● **What to do**:
The result should be the full listing copied exactly, with no pictures in it.
(Beginning of Dataset content)
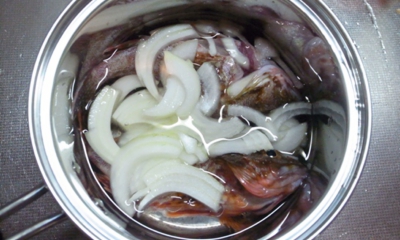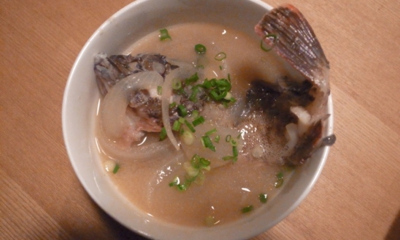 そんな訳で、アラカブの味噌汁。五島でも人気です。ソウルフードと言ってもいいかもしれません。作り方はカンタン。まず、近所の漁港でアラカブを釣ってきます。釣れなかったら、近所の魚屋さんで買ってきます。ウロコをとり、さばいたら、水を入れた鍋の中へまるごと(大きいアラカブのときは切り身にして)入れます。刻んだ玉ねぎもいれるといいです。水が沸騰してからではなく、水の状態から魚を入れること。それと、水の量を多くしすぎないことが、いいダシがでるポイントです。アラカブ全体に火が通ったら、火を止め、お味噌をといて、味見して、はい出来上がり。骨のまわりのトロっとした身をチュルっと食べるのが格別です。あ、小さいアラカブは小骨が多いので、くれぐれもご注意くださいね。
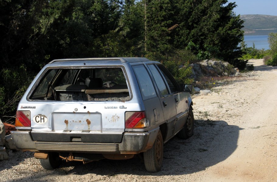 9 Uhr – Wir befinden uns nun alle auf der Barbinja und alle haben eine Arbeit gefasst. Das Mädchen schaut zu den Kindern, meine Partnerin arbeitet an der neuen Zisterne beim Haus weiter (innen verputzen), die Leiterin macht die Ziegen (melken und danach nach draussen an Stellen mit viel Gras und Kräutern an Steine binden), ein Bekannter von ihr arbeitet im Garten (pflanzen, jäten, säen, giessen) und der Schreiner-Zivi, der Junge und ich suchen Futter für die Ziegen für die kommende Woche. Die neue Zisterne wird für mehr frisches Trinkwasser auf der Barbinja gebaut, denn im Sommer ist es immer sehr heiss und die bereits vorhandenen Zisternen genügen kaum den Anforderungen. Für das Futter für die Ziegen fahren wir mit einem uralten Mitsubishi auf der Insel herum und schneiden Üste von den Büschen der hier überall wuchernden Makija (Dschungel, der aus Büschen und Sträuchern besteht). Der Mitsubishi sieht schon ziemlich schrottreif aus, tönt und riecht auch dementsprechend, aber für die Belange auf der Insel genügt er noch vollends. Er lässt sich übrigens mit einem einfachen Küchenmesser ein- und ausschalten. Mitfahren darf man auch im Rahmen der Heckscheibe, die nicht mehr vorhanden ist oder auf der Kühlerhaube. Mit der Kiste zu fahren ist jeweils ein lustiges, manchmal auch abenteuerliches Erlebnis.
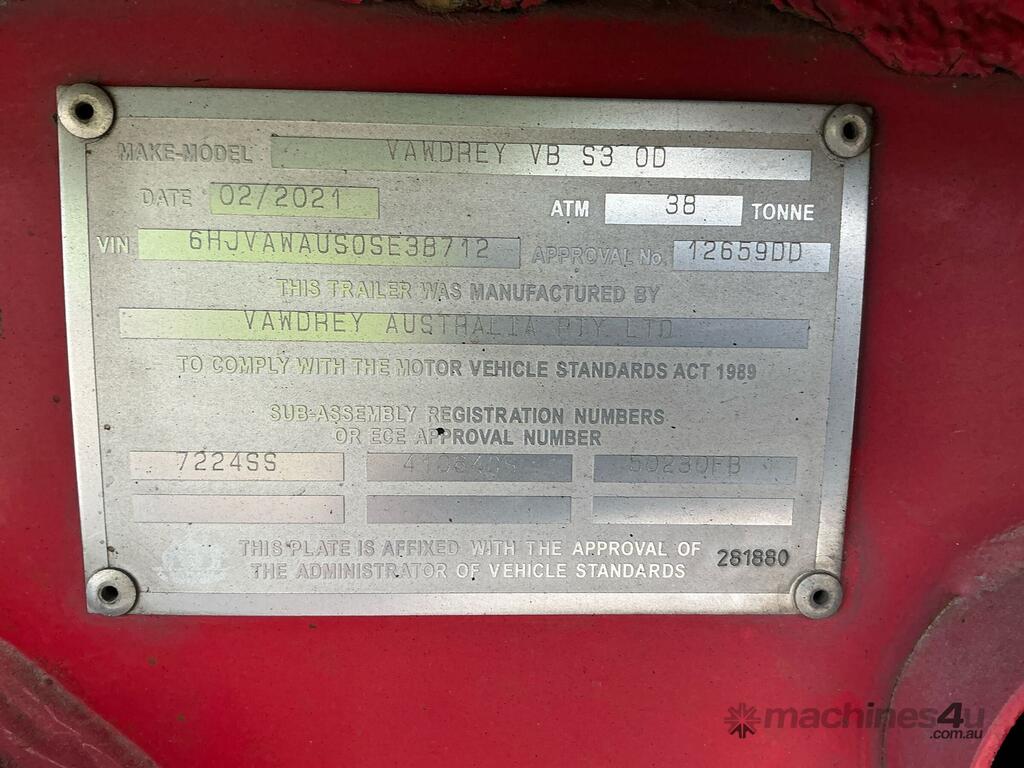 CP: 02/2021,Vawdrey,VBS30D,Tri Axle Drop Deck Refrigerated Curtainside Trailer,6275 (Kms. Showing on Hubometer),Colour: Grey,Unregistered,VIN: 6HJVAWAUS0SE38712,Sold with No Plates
(End of Dataset content)
● **Solution for this problem**:
 そんな訳で、アラカブの味噌汁。五島でも人気です。ソウルフードと言ってもいいかもしれません。作り方はカンタン。まず、近所の漁港でアラカブを釣ってきます。釣れなかったら、近所の魚屋さんで買ってきます。ウロコをとり、さばいたら、水を入れた鍋の中へまるごと(大きいアラカブのときは切り身にして)入れます。刻んだ玉ねぎもいれるといいです。水が沸騰してからではなく、水の状態から魚を入れること。それと、水の量を多くしすぎないことが、いいダシがでるポイントです。アラカブ全体に火が通ったら、火を止め、お味噌をといて、味見して、はい出来上がり。骨のまわりのトロっとした身をチュルっと食べるのが格別です。あ、小さいアラカブは小骨が多いので、くれぐれもご注意くださいね。
 9 Uhr – Wir befinden uns nun alle auf der Barbinja und alle haben eine Arbeit gefasst. Das Mädchen schaut zu den Kindern, meine Partnerin arbeitet an der neuen Zisterne beim Haus weiter (innen verputzen), die Leiterin macht die Ziegen (melken und danach nach draussen an Stellen mit viel Gras und Kräutern an Steine binden), ein Bekannter von ihr arbeitet im Garten (pflanzen, jäten, säen, giessen) und der Schreiner-Zivi, der Junge und ich suchen Futter für die Ziegen für die kommende Woche. Die neue Zisterne wird für mehr frisches Trinkwasser auf der Barbinja gebaut, denn im Sommer ist es immer sehr heiss und die bereits vorhandenen Zisternen genügen kaum den Anforderungen. Für das Futter für die Ziegen fahren wir mit einem uralten Mitsubishi auf der Insel herum und schneiden Üste von den Büschen der hier überall wuchernden Makija (Dschungel, der aus Büschen und Sträuchern besteht). Der Mitsubishi sieht schon ziemlich schrottreif aus, tönt und riecht auch dementsprechend, aber für die Belange auf der Insel genügt er noch vollends. Er lässt sich übrigens mit einem einfachen Küchenmesser ein- und ausschalten. Mitfahren darf man auch im Rahmen der Heckscheibe, die nicht mehr vorhanden ist oder auf der Kühlerhaube. Mit der Kiste zu fahren ist jeweils ein lustiges, manchmal auch abenteuerliches Erlebnis.
 CP: 02/2021,Vawdrey,VBS30D,Tri Axle Drop Deck Refrigerated Curtainside Trailer,6275 (Kms. Showing on Hubometer),Colour: Grey,Unregistered,VIN: 6HJVAWAUS0SE38712,Sold with No Plates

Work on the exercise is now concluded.